The Greek agony continues. Signs point to a some kind of an ad hoc fix to keep the country in the euro but it's a mess. There is no deal.
The deferral until June 30th of a €300 million repayment due today to the International Monetary Fund -- and the deferral until then of a further €1.32 billion in payments due by June 19th -- only adds to the sense of anxiety and uncertainty
At this sorry point in the saga, there are as many theories as observers.
One notion is that the Syriza government’s idiosyncratic negotiating style has its root in a strategy to convince creditors that it would indeed go so far as to detonate the “Grexit” bomb if it does not get what it wants.
Whatever the truth of that, the financial and political temperature in Athens is rising rapidly.
Deposit flight from the country’s addled banks last Friday alone is said to have reached €1 billion.
This further erodes the collateral required for more than €100 billion in emergency European Central Bank aid, leading to increased expectation of capital controls among global banks.
"Further damage to the economy, banking system and confidence may well lead to this outcome, especially if accompanied by policy mistakes," says Morgan Stanley.

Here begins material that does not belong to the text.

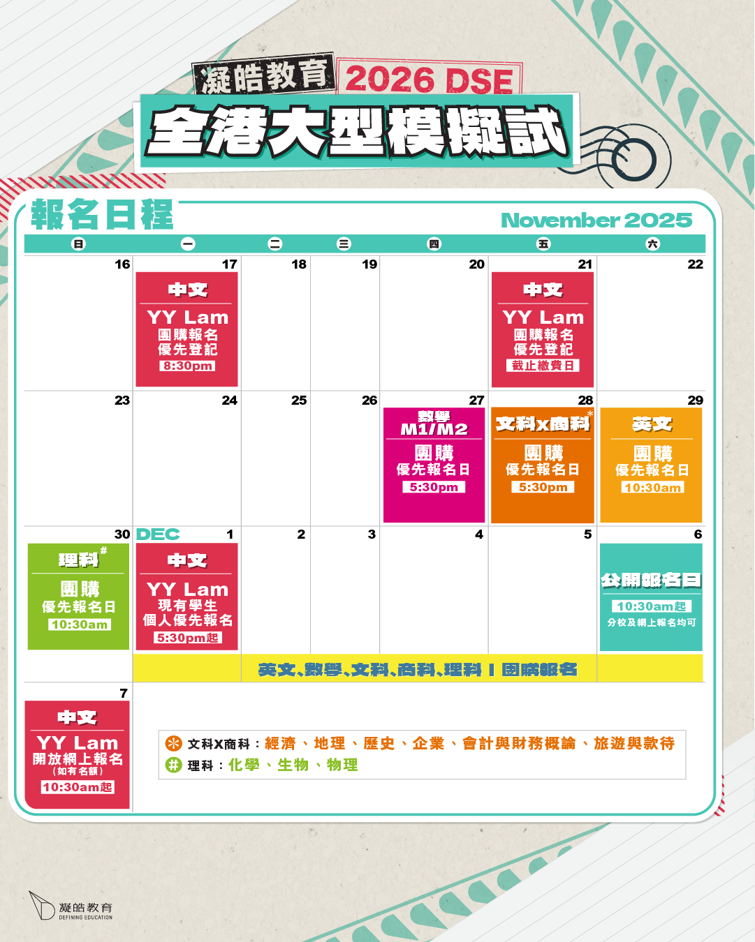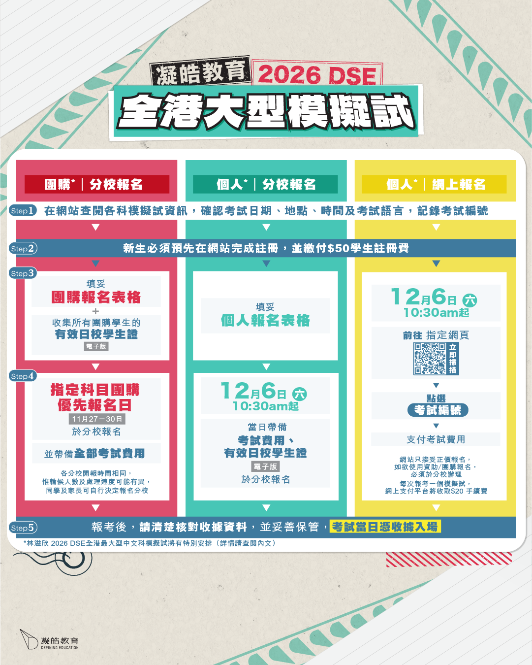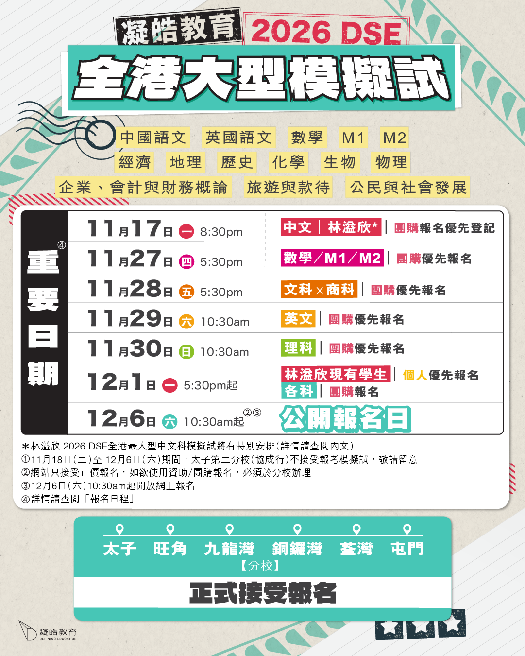 1. 林溢欣 2026 DSE 全港最大型中文科模擬試團購考生11月17日(一)8:30pm起,可於凝皓教育官方網站優先登記,成功登記之考生,將有專人聯絡召集人,並於11月21日(五)或之前到校繳費。

“This scenario can take many forms, depending on whether capital controls are introduced because of a decision by the Greek government to miss a payment, or to stop deposit outflows, given prolonged uncertainty and/or a worsening economy.”
Although the political negotiation resumes today, the situation is chaotic. After late-night talks in Brussels wrapped up early yesterday, prime minister Alexis Tsipras said a deal was "within sight".
The chief of the euro zone finance ministers, Jeroen Dijsselbloem, who took part in the talks, insisted the differences were "still quite large" but pointed to the remaining issues being narrowed down.
In sum, the gap remains. "We made some progress yesterday night, not sufficient, but nevertheless trying to put together the elements proposed by our Greek colleagues and friends and our own ideas," said Jean-Claude Juncker, president of the European Commission.
Some way apart
“The outcome from last night’s Tsipras/Juncker/Dijsselbloem meeting confirms they are still some way apart.
“What is ‘done’ is that the creditors have ironed out their differences, and concluded that the time is ripe to deliver a proposal.
"Don't call it an ultimatum. Don't say 'take it or leave it', but that is effectively what it is," says Swiss bank UBS.
“Some sources were downplaying the finality of it last night, calling it a ‘roadmap’, but be assured that room for manoeuvre and tolerance on dragging this out are both now rather limited.
The really difficult part – as it was always going to be – is: how does Tsipras now respond? And will those responses secure Greece in the euro, or set it on a path to exit?"
No one really knows the answer. Amid increasing rancour in Syriza and bitter complaints of “murderous”, “disgraceful” and “shameful” measures being imposed on Greeks from Brussels, there can be no certainty at all that Tsipras would be able to hold the movement together in government.
There had been talk of a referendum on any new arrangement, essentially an in/out choice on euro membership. Now there is talk of another election.
It was always the case that any eventual arrangement between the prime minister and creditors would have to run the Syriza gauntlet.
Reports of dismay, fury and resistance to “full surrender” among government MPs present the prospect of an election – and all the uncertainty that would bring. Tsipras is accused by the opposition New Democracy, which he supplanted in the January election, of undergoing a humiliating “Waterloo” on Wednesday night in Brussels.
Hard talk
The prime minister is to address parliament in Athens this evening.
After months of indecision and fiery rhetoric, the decisive phase now seems upon us.
The basic assumption remains that enough of a fudge will be conjured up so all protagonists can say they got something. But no one has got anything yet.
Hard talk over the size of the Greek primary surplus, which is the budget surplus before debt servicing costs, comes amid indications that the country’s creditors are still seeking pension cuts and VAT increases.
Such measures are anathema in the world of Syriza.
A “wildcard” suggestion doing the rounds is that Tsipras goes into an election or a referendum calling for the rejection of the creditor proposal.
Stability seems as far away as ever.